╭─ Records shown

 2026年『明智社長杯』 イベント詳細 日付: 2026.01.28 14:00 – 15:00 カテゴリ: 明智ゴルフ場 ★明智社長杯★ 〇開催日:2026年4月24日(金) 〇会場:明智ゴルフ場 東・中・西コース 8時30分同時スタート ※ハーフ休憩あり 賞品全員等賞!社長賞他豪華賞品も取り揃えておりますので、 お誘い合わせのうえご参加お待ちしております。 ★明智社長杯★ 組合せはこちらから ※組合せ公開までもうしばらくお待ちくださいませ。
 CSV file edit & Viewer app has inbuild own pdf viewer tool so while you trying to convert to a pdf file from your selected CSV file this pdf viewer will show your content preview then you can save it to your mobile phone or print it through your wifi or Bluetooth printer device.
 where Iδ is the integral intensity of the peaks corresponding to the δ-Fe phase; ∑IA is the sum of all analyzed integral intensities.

╰─
╭─ Records shown

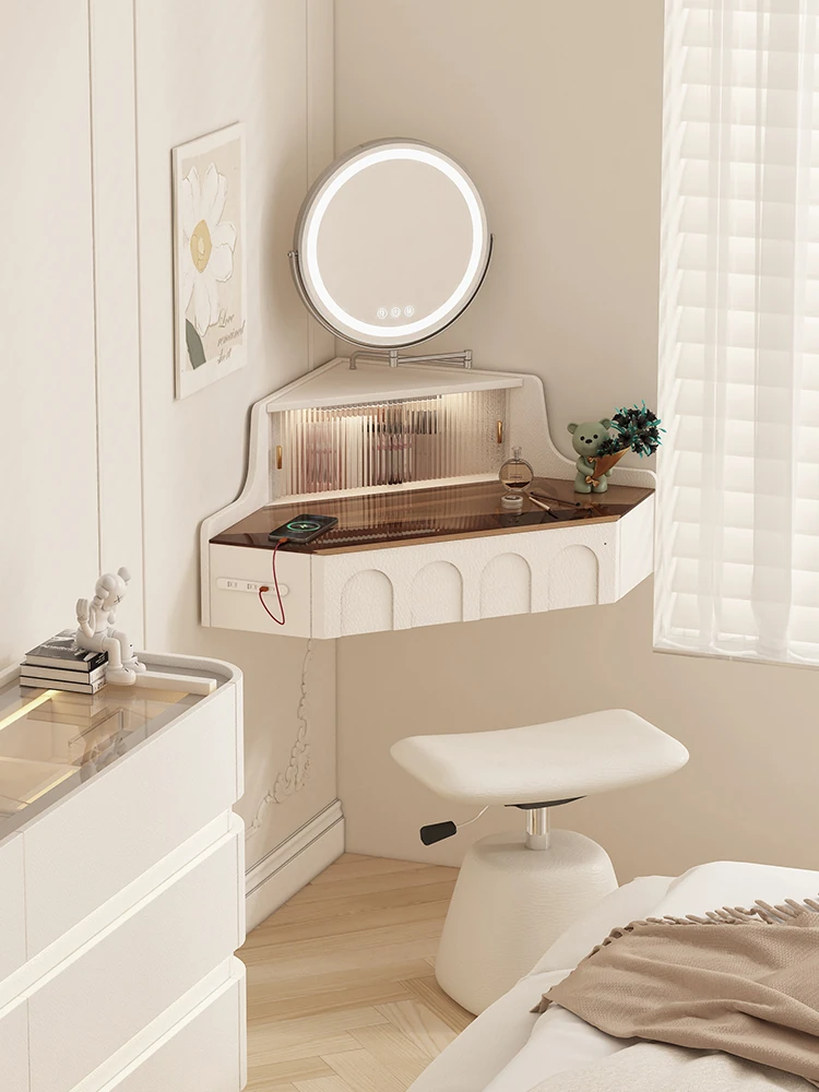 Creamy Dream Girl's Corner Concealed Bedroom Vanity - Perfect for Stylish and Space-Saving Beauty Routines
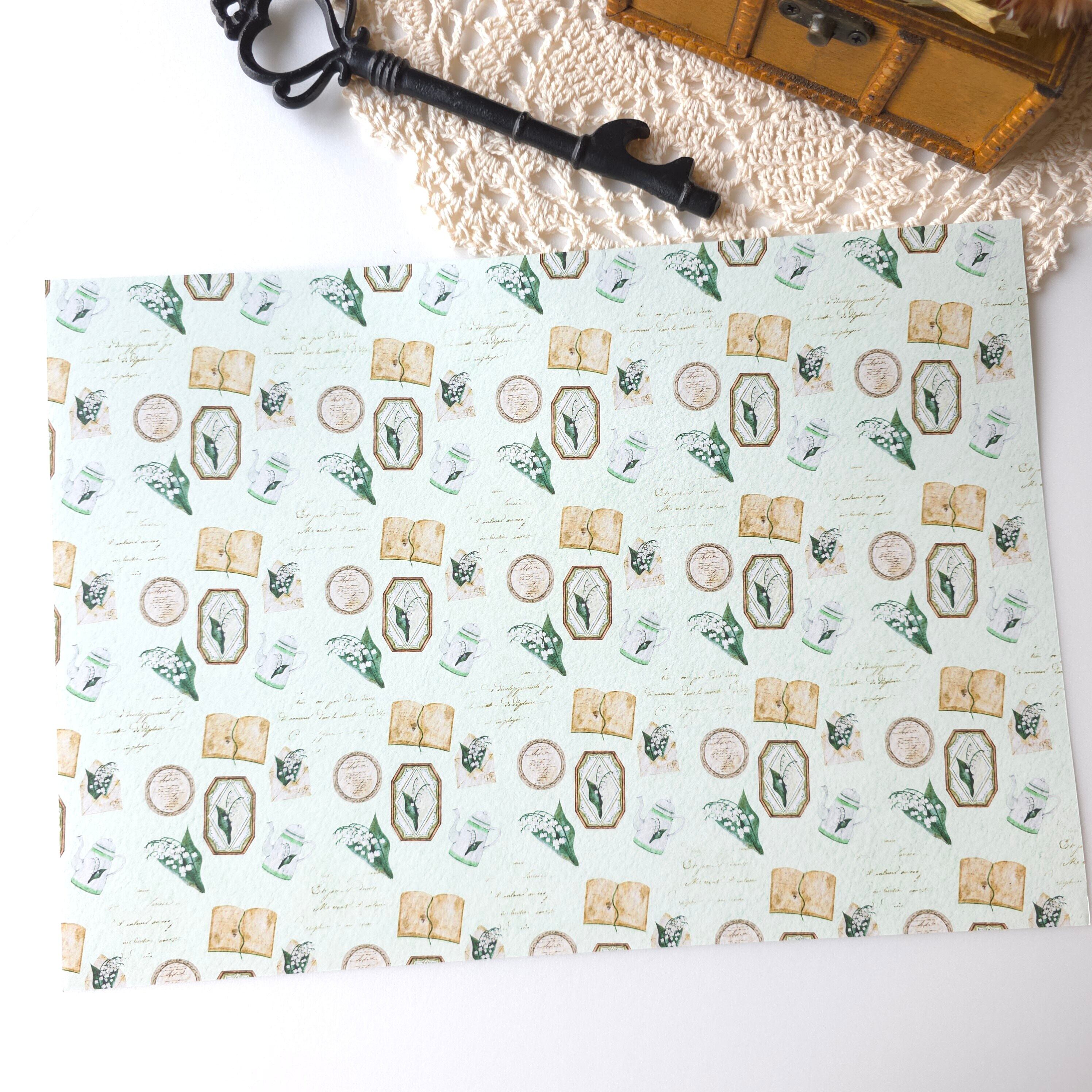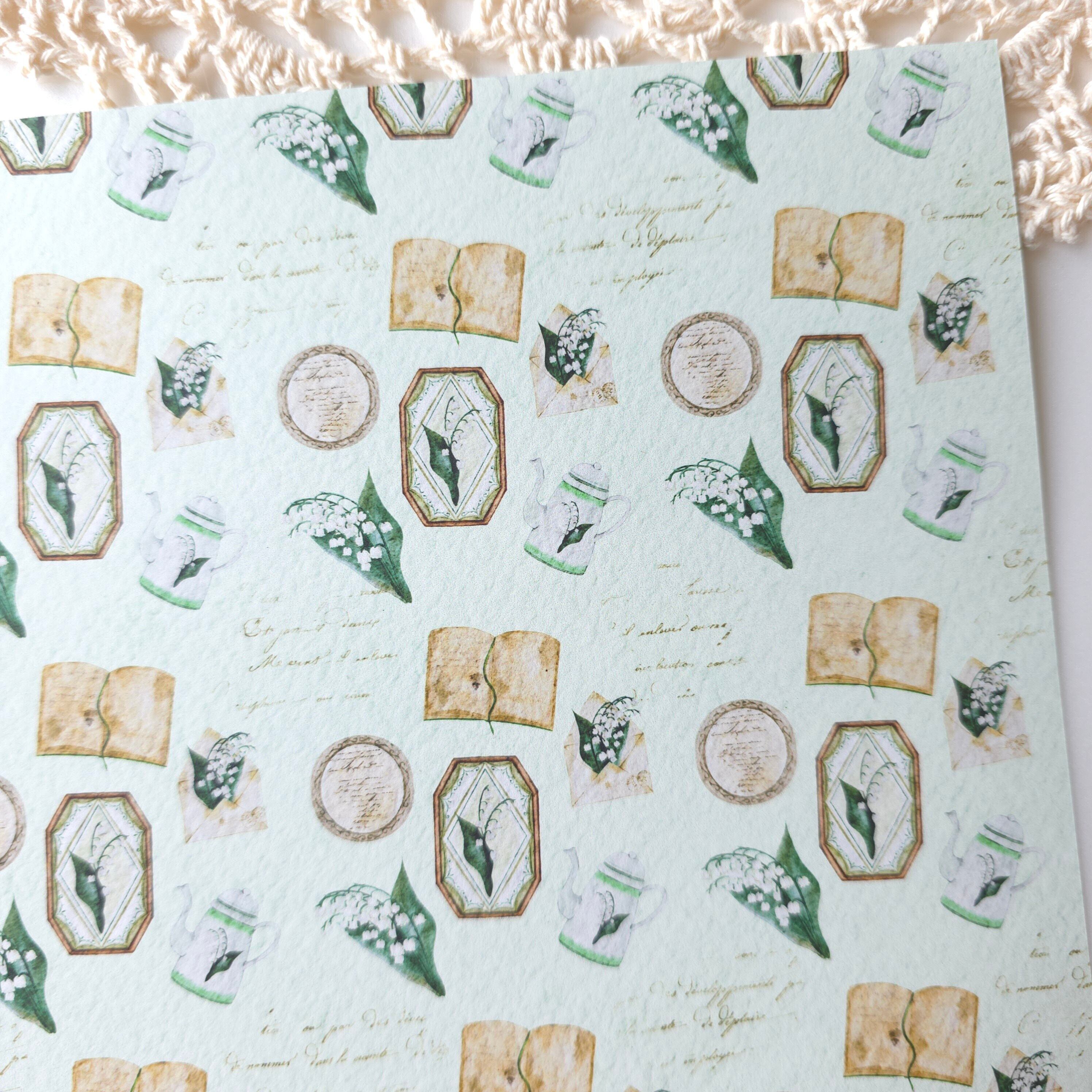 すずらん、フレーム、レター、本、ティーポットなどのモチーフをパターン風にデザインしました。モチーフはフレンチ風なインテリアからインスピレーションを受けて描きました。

╰─

Using the records above, set down exactly the lines from the one with "CSV file edit" through the one with "where Iδ is", inclusive, and nothing more.

 CSV file edit & Viewer app has inbuild own pdf viewer tool so while you trying to convert to a pdf file from your selected CSV file this pdf viewer will show your content preview then you can save it to your mobile phone or print it through your wifi or Bluetooth printer device.
 where Iδ is the integral intensity of the peaks corresponding to the δ-Fe phase; ∑IA is the sum of all analyzed integral intensities.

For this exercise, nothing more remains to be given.